I was recently talking to a potential customer about getting started in Power BI. A question they asked me was essentially “What are the difficult parts of Power BI, how do these engagements usually go?”. This was a really interesting question and for me a lot of customer engagements fall under two broad categories.
The lost and confused. A lot of potential customers are just starting to look into Power BI. They cans see what it can do, they understand what it is for, but they have questions. Generally these questions are all about governance and implementation. How do we deploy Power BI? How do we license Power BI? How do we secure it?
This is a reasonable challenge because Power BI has a lot of nooks and crannies. It has a bunch of ways to deploy it and a bunch of ways to license it, and it seems like that add a new one every 6 months. For these customers they generally just seem to be concerned about the unknown unknowns out there. Usually after that first hour, that seems to be all the help they need.

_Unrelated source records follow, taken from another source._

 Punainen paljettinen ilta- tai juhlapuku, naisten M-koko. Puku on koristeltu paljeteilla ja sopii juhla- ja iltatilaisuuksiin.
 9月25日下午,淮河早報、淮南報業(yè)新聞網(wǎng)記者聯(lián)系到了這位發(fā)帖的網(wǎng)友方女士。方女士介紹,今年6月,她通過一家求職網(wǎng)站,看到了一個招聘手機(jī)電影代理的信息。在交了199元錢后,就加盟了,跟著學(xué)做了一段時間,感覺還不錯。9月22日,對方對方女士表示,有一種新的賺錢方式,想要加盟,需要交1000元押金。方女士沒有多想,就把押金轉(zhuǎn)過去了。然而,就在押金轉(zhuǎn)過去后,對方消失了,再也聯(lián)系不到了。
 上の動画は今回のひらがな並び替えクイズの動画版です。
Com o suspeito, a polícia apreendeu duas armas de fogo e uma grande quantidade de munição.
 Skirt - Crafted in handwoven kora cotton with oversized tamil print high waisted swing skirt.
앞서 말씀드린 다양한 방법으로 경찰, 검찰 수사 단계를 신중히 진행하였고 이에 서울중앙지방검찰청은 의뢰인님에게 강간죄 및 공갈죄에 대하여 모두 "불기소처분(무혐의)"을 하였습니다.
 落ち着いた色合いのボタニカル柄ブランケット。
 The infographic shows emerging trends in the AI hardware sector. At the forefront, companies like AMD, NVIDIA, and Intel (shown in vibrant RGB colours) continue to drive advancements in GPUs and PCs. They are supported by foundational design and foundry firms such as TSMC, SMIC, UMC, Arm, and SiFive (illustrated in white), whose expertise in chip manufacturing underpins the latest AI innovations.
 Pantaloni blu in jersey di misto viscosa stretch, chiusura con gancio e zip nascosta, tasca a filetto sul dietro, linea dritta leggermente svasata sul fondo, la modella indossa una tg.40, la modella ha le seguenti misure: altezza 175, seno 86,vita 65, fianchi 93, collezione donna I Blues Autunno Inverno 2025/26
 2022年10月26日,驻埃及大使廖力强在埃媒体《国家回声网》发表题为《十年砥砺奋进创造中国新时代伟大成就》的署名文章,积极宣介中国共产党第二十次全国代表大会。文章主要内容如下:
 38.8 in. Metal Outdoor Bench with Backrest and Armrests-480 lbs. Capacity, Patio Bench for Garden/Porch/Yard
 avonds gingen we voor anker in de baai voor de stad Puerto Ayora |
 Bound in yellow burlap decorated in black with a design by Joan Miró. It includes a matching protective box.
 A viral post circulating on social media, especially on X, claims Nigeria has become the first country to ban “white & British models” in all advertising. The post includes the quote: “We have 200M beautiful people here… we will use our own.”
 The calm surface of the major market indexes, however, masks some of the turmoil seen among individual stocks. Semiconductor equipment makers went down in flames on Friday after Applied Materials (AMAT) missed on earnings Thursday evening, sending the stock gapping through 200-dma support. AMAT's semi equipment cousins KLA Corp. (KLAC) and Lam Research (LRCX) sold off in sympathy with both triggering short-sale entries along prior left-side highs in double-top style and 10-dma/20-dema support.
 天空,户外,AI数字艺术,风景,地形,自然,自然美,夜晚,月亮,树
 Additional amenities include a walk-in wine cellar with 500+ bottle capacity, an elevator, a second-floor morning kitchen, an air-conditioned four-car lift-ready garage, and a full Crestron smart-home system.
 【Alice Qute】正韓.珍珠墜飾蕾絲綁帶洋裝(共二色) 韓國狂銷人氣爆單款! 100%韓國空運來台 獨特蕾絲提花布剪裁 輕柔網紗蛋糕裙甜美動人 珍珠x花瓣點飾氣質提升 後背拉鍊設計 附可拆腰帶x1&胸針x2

The out of control. These customers have made an investment in Power BI. These customers have started creating reports and seeing result. The problem here is scaling their reports. M and DAX have goofy learning curves. Both start out easy, but get incredibly difficult when you try to do more complex things. Maybe reading CSV files was easy, but now you need to work with a web api now. Maybe your report was fast when it was 60 MB. But now your measure or more complex and you have 250 MB of data and it is slow. These customers need help applying good data modeling and optimizing those models.